If you divide a huge number by 7, you can group the digits in groups of 6.

def abcdef abcdef abcdef abcdef abcdef

Sum up all digits a giving A, all b giving B etc.
Then calculate F-C + 2*(D-A) + 3*(E-B) then the whole result % 7.
If the remainder is 0, the big number is divisible by 7.

You can easily see, that abc = -def
So the first half of the period is the negative of the second half.
Using that property, you can prove the assumption that if you repeat a N (N % 6 != 0) numbers, the whole thing is divisible by 7. (see my former post) If N%6=0, then it is only divisible, if and only if the samll group is also.
Hence the repeated group must not have the same length as the period.

David John Hill Jr · 2004-09-22, 11:56

As not having been brought out in this dicussion on 7's, it may be worthy of noting:
1+ 6 = 7
1+ 6^x (x may sometimes be termed 'recurring') is not necessarily
a product of 7.
however,
x + 6^x is divisible by 7 , iff 7|x .

Now if one lets 6 of anything(call it any number in decimal),
it will destroy 7 divisibilty of the above if not divisible by 7 itself.
(Please address the original statement of the problem)

Something else I also worked on the last couple of days:

What may be a short method of determining 7 divisibility.

Notice 7=10-3,
x(7)=x10-x3 ....................(1)
Now both 10 and 3 have their respective recognition methods.

So given any number in decimal of length xxxxxxxxxxxxxxxxxxxxxxxxx
estimate a number >= 10/7 of xxxxxxxxxxxxxxxxxxxxxxxxx
and perform (1) .
If your estimate was correct ,you'll come out with xxxxxxxxxxxxxxxxxxxxxxxx
and a multiple of 7 (This only if both are true).
If your estimate is too high, take the difference and perform the same test.
Either you'll come up with a number consistent with (1) or not, eventually.
If not, 7 doesn't divide the original.

Fascinating problem.
John Hill

mfgoode · 2004-09-23, 14:40

Thanks to biwema’s counter example of 111112 not being divisible by 7 and consequently a string of 6 repetitions of this no.
I recant my theory in its original form.
David Hill: on your query please read my 1st. contribution to this thread and the subsequent replies.
My thanks to each and every other member who replied to this thread.
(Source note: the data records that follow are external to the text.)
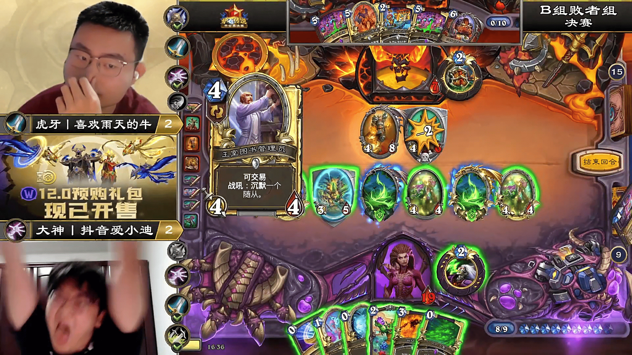 当然,年轻人嗨归嗨,爱小迪竟然在八进四+决胜局+斩杀回合的最最关键时刻嗨爆手滑,上演了王室图书管理员出牌变交易(后又找回)的顶级剧情……不愧是年轻人,也确实是做主播的料。
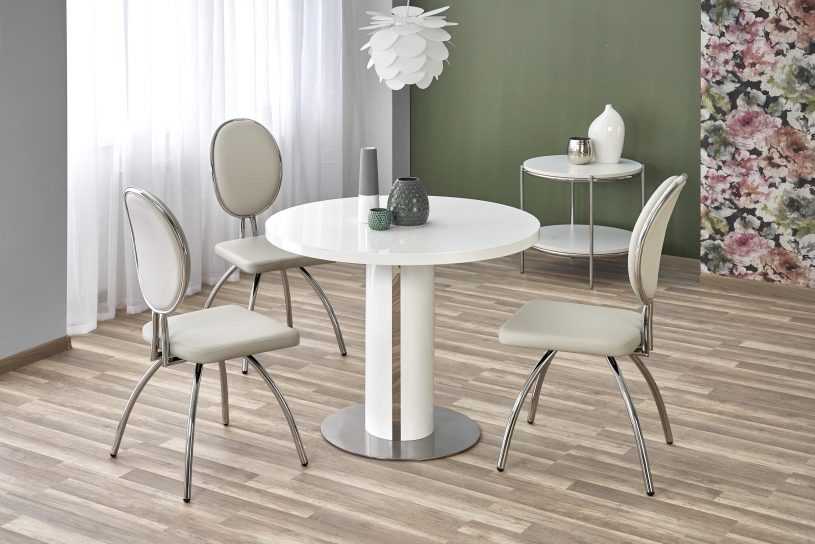 Столы в столовой могут быть намного больше, чтобы разместить семью на ужин или во время приема гостей. Размеры, стили и функции различны, поэтому выбор часто будет сложным, но и приятным. При выборе кухонного стола убедитесь, что он соответствует стилю другой мебели. Сегодня ассортимент настолько велик, что вы можете легко подобрать правильную модель. Интересным вариантом является раскладной стол круглой формы. Это предмет мебели в современном стиле, который идеально подойдет к интерьеру, оформленному в инновационной аранжировке. Белая столешница и светлые ножки придают интерьеру яркость.
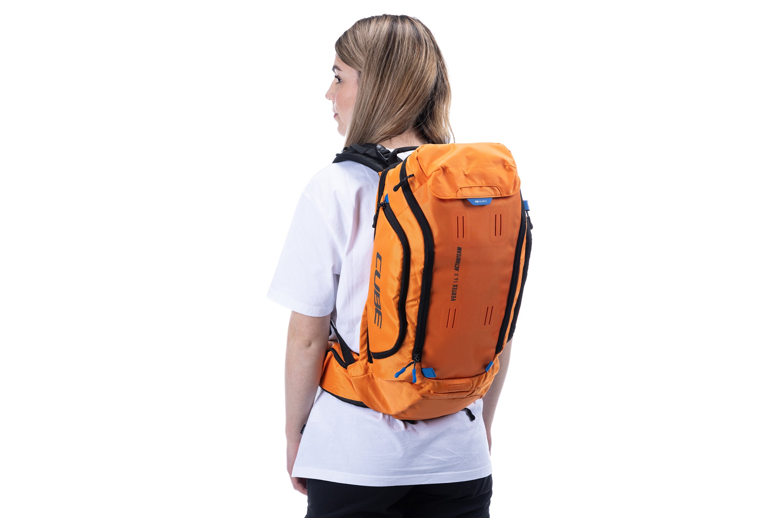 Enduro fans listen up! The VERTEX 16 X Actionteam is our high-class backpack that's absolutely rammed full of practical features. An optimal fit courtesy of ergonomic shoulder straps, hip straps and CUBE's own NF Ergonomics back system developed in-house adds up to a backpack that stays put no matter how hard you shred. We also added padding and ventilation so your back stays comfortable and fresh. The VERTEX 16 includes a SAS-TEC LB-L protector weighing in at a feather-light 150 g. We also included a protector strap, helmet carrier, goggle compartment and rain cover for maximum practicality. Internal compartments, a hip pocket, a smartphone pocket and two side tool compartments keep everything organised while you session the trails. And we also made it hydration system-compatible because that's how we roll! What's more: instead of a standard black lining, we used a contrasting colour to make it easier and faster to find what you need.
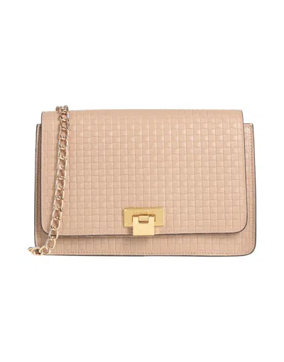 medium, cable stitch, brand logo, solid color, leather backing, framed closure, metallic straps, daytime, contains non-textile parts of animal origin, flap bag , Color: Light brown , Size: -
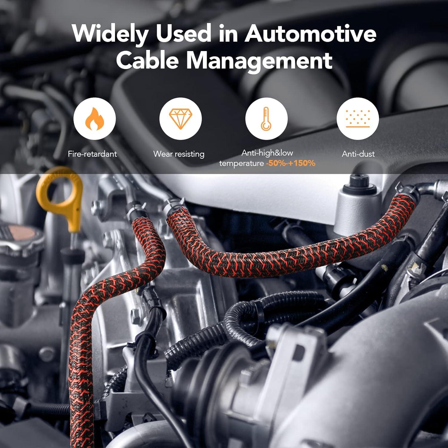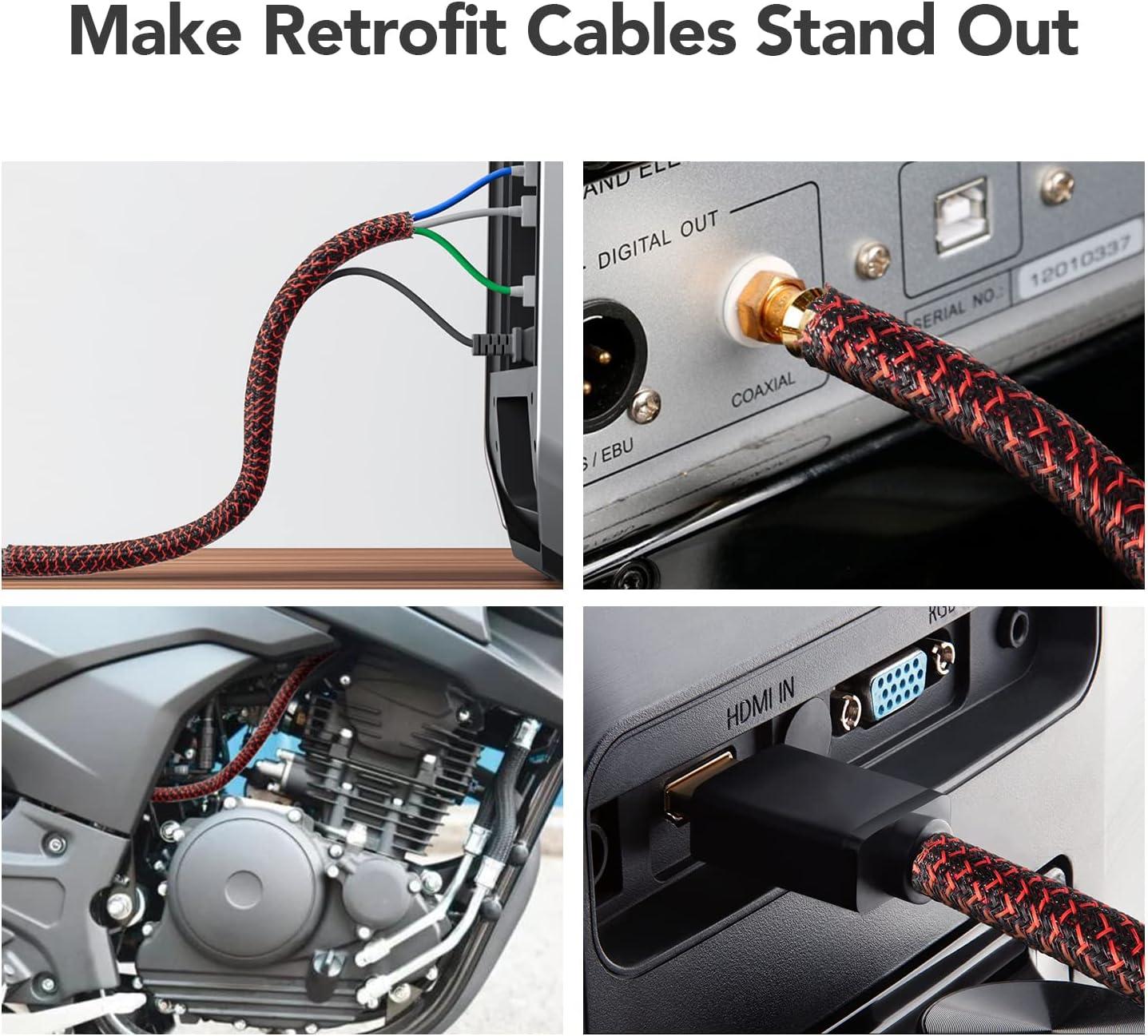 AGPTEK Cable Sleeve Cover, 10ft - 4/5 inch Desk Cord Organizer Cable Hider, Home Office Wire Management Computer TV Wire Loom Tubing, Pet Proof Cord Protector, from Cat Dog Chewing, Black(BlackRed)

Their contributions were very valuable and informative to me.
I apologise for being pig headed in my replies especially to biwema. The reasons are several.
My P4 computer crashed when I first entered my thread and is still not functional in its entirety. As a result I was left to my 10 digit calculator and sheer brute force computation. More over due to the rivalry and perhaps jealously of other so called mathematicians on whose opinion I relied on for their calculations I was severely misled by them (please read my forthcoming post ‘Math and crabs.). They assured me that the full 36 digit number was divisible by 7 and went in evenly. I myself was not convinced
that the final equation was consistent with math principles. Biwema and acruppa rightly objected by taking the matter up
Be that as it may the question, now is to reformulate this theorem and plug in the loopholes/ lacuna.
I request all of you for your support in this matter.
We are all in it for the pursuit of Truth which must prevail and not for glory.
We have to tackle and rectify this as It is THERE. It is a challenge to our intellects.
I assure you of my unstinted support and a radically transformed theory shortly.

Mally

David John Hill Jr · 2004-09-25, 06:47

Please if I may present for correction or verification
my reading of the initial problem.
(Without using the examples)
First
...any set of integers is repeated (as to mean duplicated)six
times to form another integer(a set that collectively has an integer
value)then it(the collection) must be divisible by seven(seperable into
seven parts-not necessarily equal)
This a single if -then statement.

Second

Invoking the intention to use mod arithmetic.
...any set of integers is repeated six times to form another integer then it must be divisible by seven
Here I see a detatchment from the initial 7 divisiblity which would have to be revokable by some means later on , to return to basic seven division.
It can be seen as what 'divides' applies to,as having an integer value.
The seven divisible integer applies not to the original set , but the
modular form.

Please as perceived by me , without further reading as yet.

John Hill

mfgoode · 2004-09-25, 16:12

David john Hill jr.
Your query revealed great depth of thought.
You have disected the problem with mathematical precision. I like that.
i will deal with both points made concisely and to the point as best as I can.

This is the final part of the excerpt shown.